## The matrix of a nonsingular linear transformation is nonsingular, regardless of the bases chosen

Let $F$ be a field, and let $V$ and $W$ be $n$– and $m$-dimensional vector spaces over $F$, respectively. Prove that, for any bases $B \subseteq V$ and $E \subseteq W$, $\varphi : V \rightarrow W$ is a nonsingular linear transformation if and only if $M^E_B(\varphi)$ is nonsingular matrix.

Choose some basis $B \subseteq V$ and $E \subseteq W$.

Suppose $\varphi : V \rightarrow W$ is a nonsingular linear transformation. Then $\mathsf{ker}\ \varphi = 0$. Now suppose $x \in V$. If $M^E_B(\varphi) \times x = 0$, then $\varphi(x) = 0$, and so $x = 0$. Thus $M^E_B(\varphi)$ is a nonsingular matrix.
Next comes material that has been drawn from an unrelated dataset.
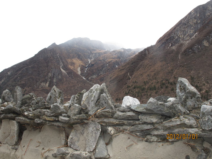 Langtang Kohlaの左岸を湿原を迂回しながら1時間のところでGanchenpo 方面のガスが切れ始めたのでしばらく撮影(0:10)
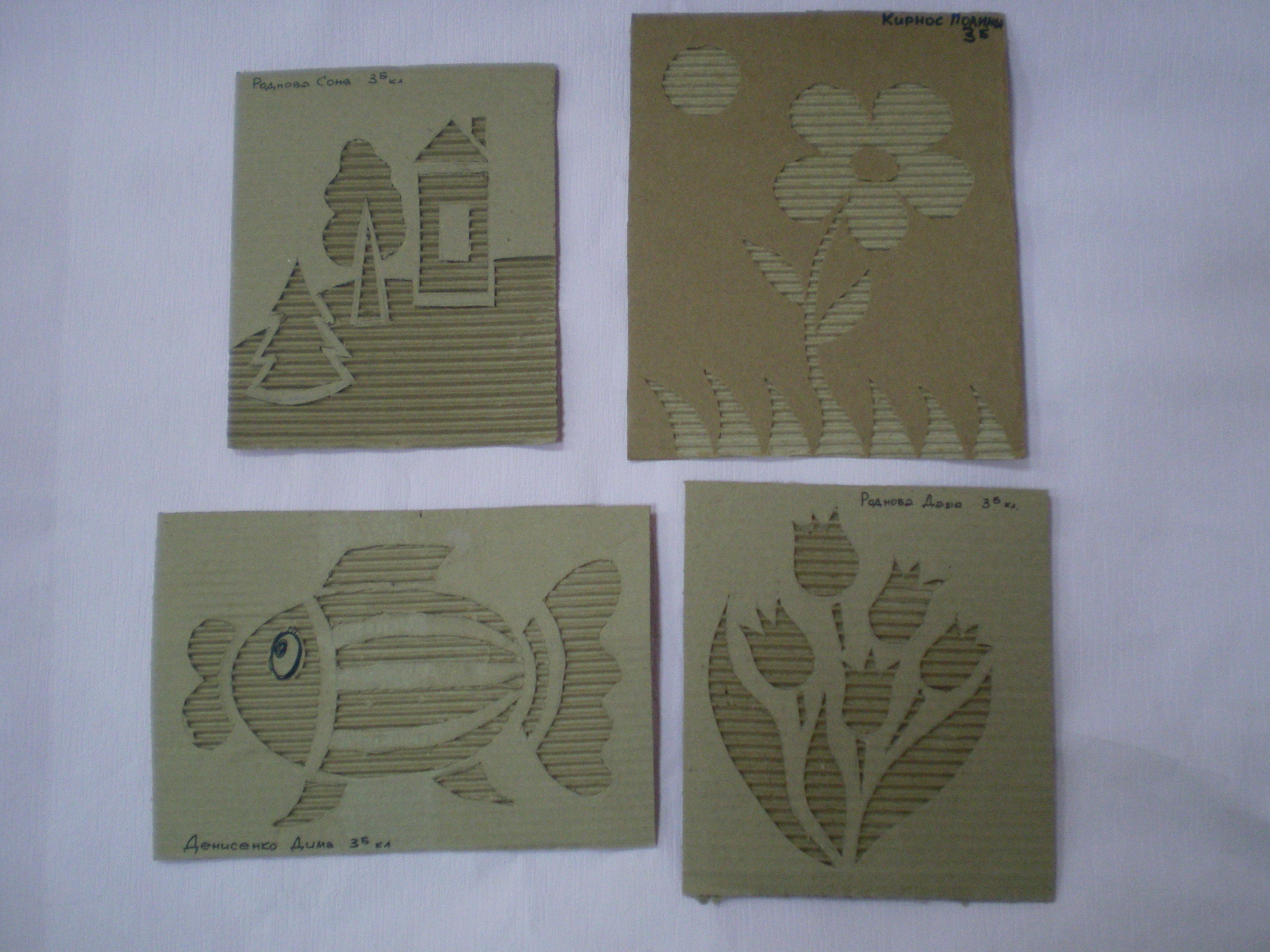Инициатива наказуема...Хотела на уроке заняться гофрокартоном только с одним классом, оказалось, что многие тоже хотят. Предлагаю Вашему вниманию некоторые работы моих учеников 3б класса. Как делать я уже рассказывала, теперь только похвастушки.

Conversely, suppose $M^E_B(\varphi)$ is a nonsingular matrix. Suppose $x \in \mathsf{ker}\ \varphi$. Then $\varphi(x) = 0$, and so we have $M^E_B(\varphi) \times x = 0$. Since $M^E_B(\varphi)$ is nonsingular, $x = 0$. Thus $\mathsf{ker}\ \varphi = 0$, and so $\varphi$ is nonsingular as a linear transformation.